--- START ---

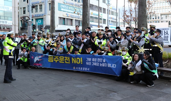 서귀포경찰서(서장 오훈)가 연말연시를 맞아 시청 등 유관기관과 경찰발전위원회 등 협력단체와 함께 대대적인 음주운전 근절 캠페인을 펼쳤다.
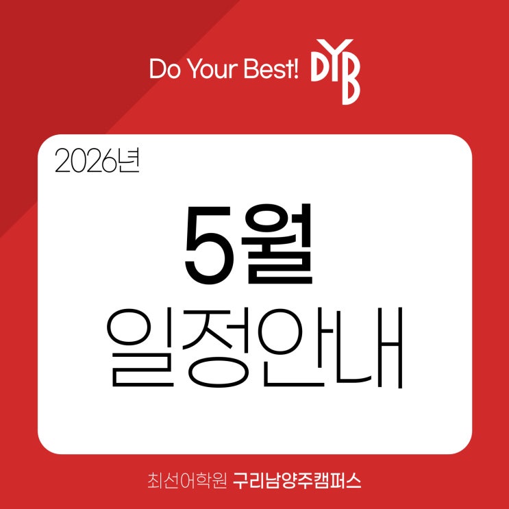 안녕하세요 최선어학원 구리남양주캠퍼스입니다. 5월 일정 안내드립니다. 5월 일정 안내 4월 28일~5월 11일 초/중등 에세이 2분기 3회차 5월 1일 노동절 휴무 4월 30일 / 5월 4일 어린이 날 행사 5월 5일 어린이 날 휴무 5월 12일~5월 23일 초/중등 에세이 2분기 4회차 5월 16일 스피치 컨테스트 결선 5월 25일 부처님 오신 날 대체 공휴일 휴무 5월 26일~6월 8일 초/중등 에세이 2분기 5회차 5월 가정의 달을 맞아, 자녀를 위해 늘 애써주시고 아낌없는 사랑을 보내주시는 학부모님들께 깊은 감사의 말씀을 전합니다. 아이 한 명의 성장은 가족의 사랑과 기다림 그리고 믿음 위에서 이루어진다고 생각합니다. 학부모님께서 보내주시는....... <img src="https://blogthumb.pstatic.net/MjAyNjA0MjJfNCAg/MDAxNzc2ODM2ODM2NDM5.-J8F9RiOUiAkIwIYXt1hFIJzhtaqT-1wP2XKFWsAB7cg.-0s8Vr3OxjqdfZSeGhBFCHi6lilQsuwti1F67274SxIg.JPEG/2026_.5%BF%F9%C0%CF%C1%A4%BE%C8%B3%BB.jpg?type=s3" />
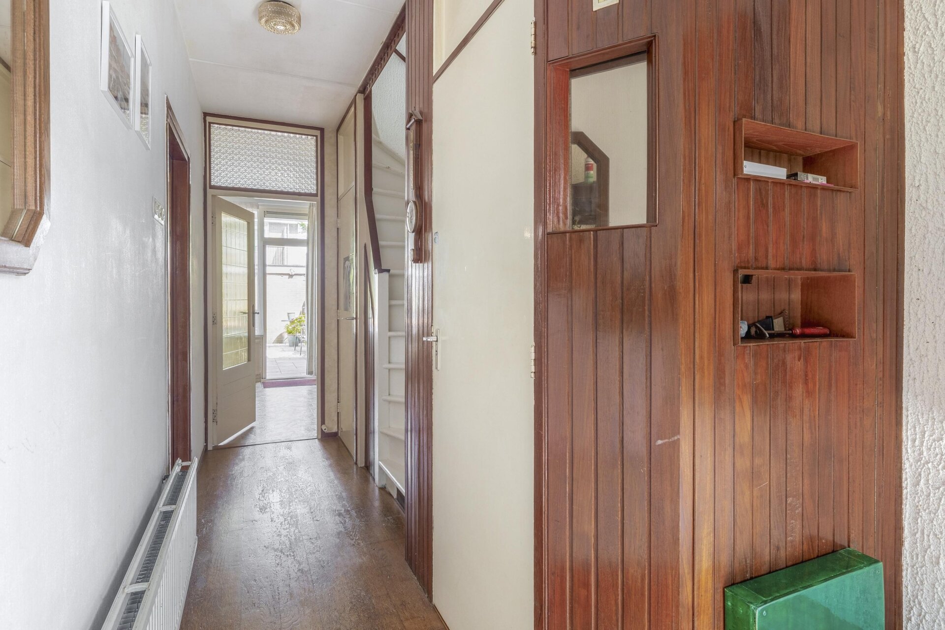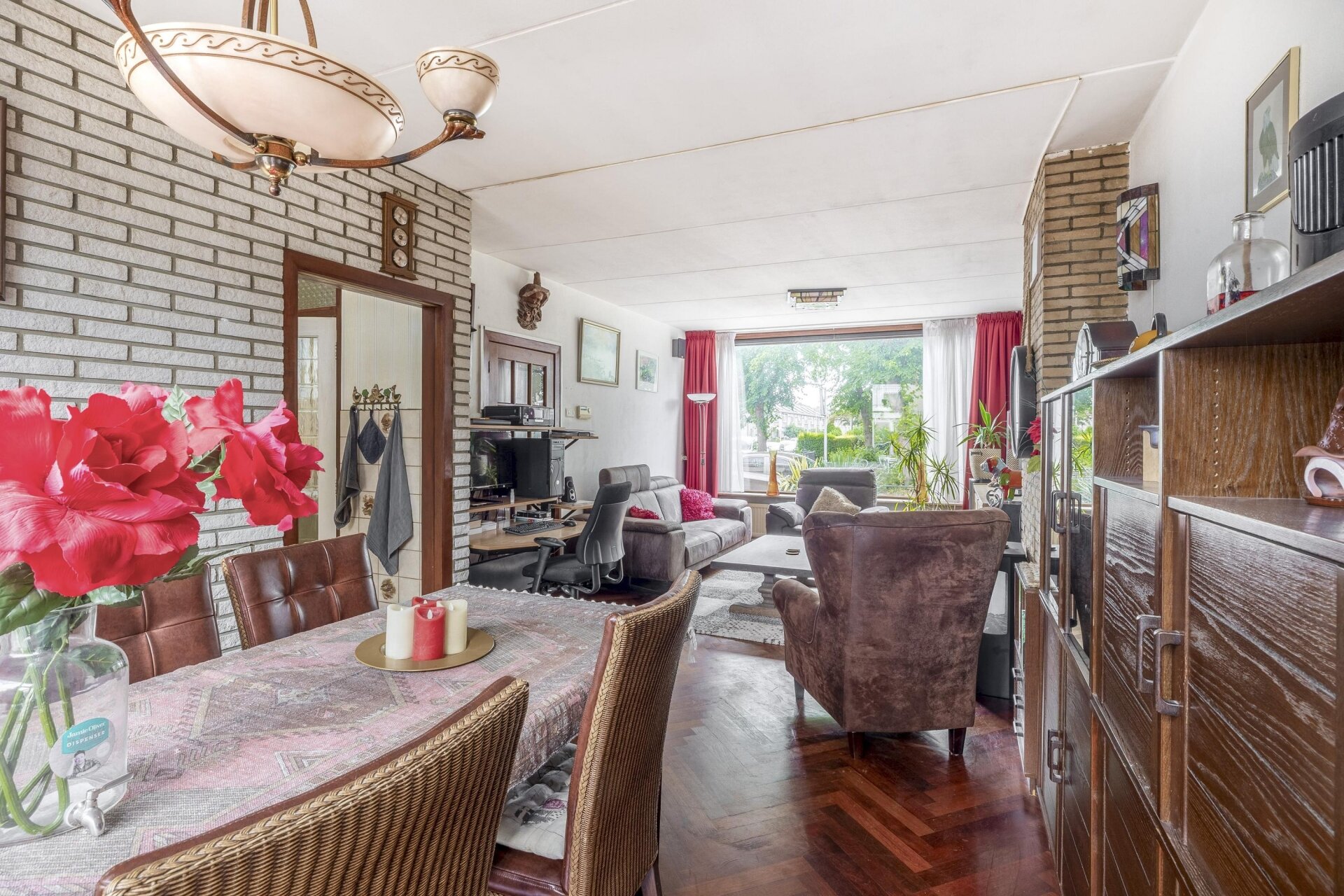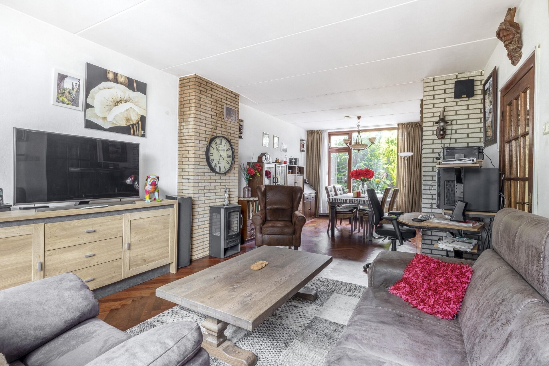 Je stapt het huis binnen via de onderhoudsvriendelijke voortuin, die direct een verzorgde indruk maakt. De hal biedt toegang tot een net toilet, een trapkast en de woonkamer. De doorzonwoonkamer is verrassend licht dankzij de grote raampartijen aan beide zijden. Hier is voldoende ruimte voor een comfortabele zithoek aan de voorzijde en een grote eettafel richting de tuin. De woonkamer is afgewerkt met een warme parketvloer en heeft een gezellige elektrische kachel.
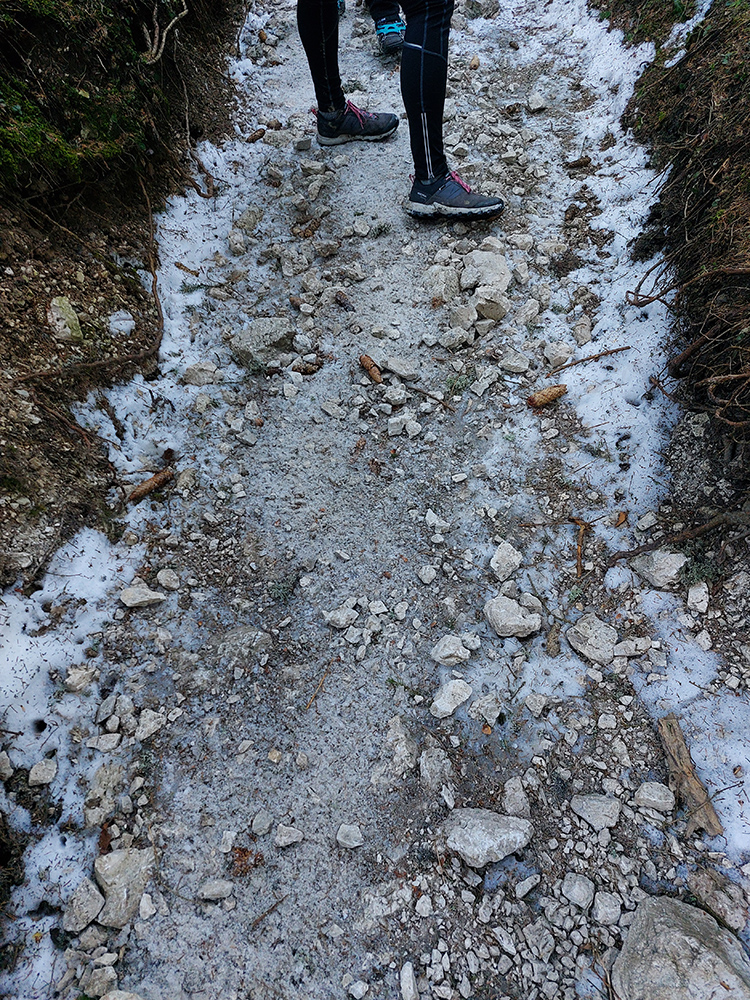 Zostup na juh je síce na viacerých tienistých miestach šmýkavý, ale bezpečnejší a istejší ako sever. Skaly suché a ľady špinavé, nižšie sa aj blato nájde. Pred očami rastie Stoh a za chrbtom brčkavý terén Rozsutca v neskorodenných pastelových farbách.

--- END ---

* TO DO
Transcribe the preceding listing in its entirety and with exact wording, leaving out pictures.

* OUTPUT
 서귀포경찰서(서장 오훈)가 연말연시를 맞아 시청 등 유관기관과 경찰발전위원회 등 협력단체와 함께 대대적인 음주운전 근절 캠페인을 펼쳤다.
 안녕하세요 최선어학원 구리남양주캠퍼스입니다. 5월 일정 안내드립니다. 5월 일정 안내 4월 28일~5월 11일 초/중등 에세이 2분기 3회차 5월 1일 노동절 휴무 4월 30일 / 5월 4일 어린이 날 행사 5월 5일 어린이 날 휴무 5월 12일~5월 23일 초/중등 에세이 2분기 4회차 5월 16일 스피치 컨테스트 결선 5월 25일 부처님 오신 날 대체 공휴일 휴무 5월 26일~6월 8일 초/중등 에세이 2분기 5회차 5월 가정의 달을 맞아, 자녀를 위해 늘 애써주시고 아낌없는 사랑을 보내주시는 학부모님들께 깊은 감사의 말씀을 전합니다. 아이 한 명의 성장은 가족의 사랑과 기다림 그리고 믿음 위에서 이루어진다고 생각합니다. 학부모님께서 보내주시는....... <img src="https://blogthumb.pstatic.net/MjAyNjA0MjJfNCAg/MDAxNzc2ODM2ODM2NDM5.-J8F9RiOUiAkIwIYXt1hFIJzhtaqT-1wP2XKFWsAB7cg.-0s8Vr3OxjqdfZSeGhBFCHi6lilQsuwti1F67274SxIg.JPEG/2026_.5%BF%F9%C0%CF%C1%A4%BE%C8%B3%BB.jpg?type=s3" />
 Je stapt het huis binnen via de onderhoudsvriendelijke voortuin, die direct een verzorgde indruk maakt. De hal biedt toegang tot een net toilet, een trapkast en de woonkamer. De doorzonwoonkamer is verrassend licht dankzij de grote raampartijen aan beide zijden. Hier is voldoende ruimte voor een comfortabele zithoek aan de voorzijde en een grote eettafel richting de tuin. De woonkamer is afgewerkt met een warme parketvloer en heeft een gezellige elektrische kachel.
 Zostup na juh je síce na viacerých tienistých miestach šmýkavý, ale bezpečnejší a istejší ako sever. Skaly suché a ľady špinavé, nižšie sa aj blato nájde. Pred očami rastie Stoh a za chrbtom brčkavý terén Rozsutca v neskorodenných pastelových farbách.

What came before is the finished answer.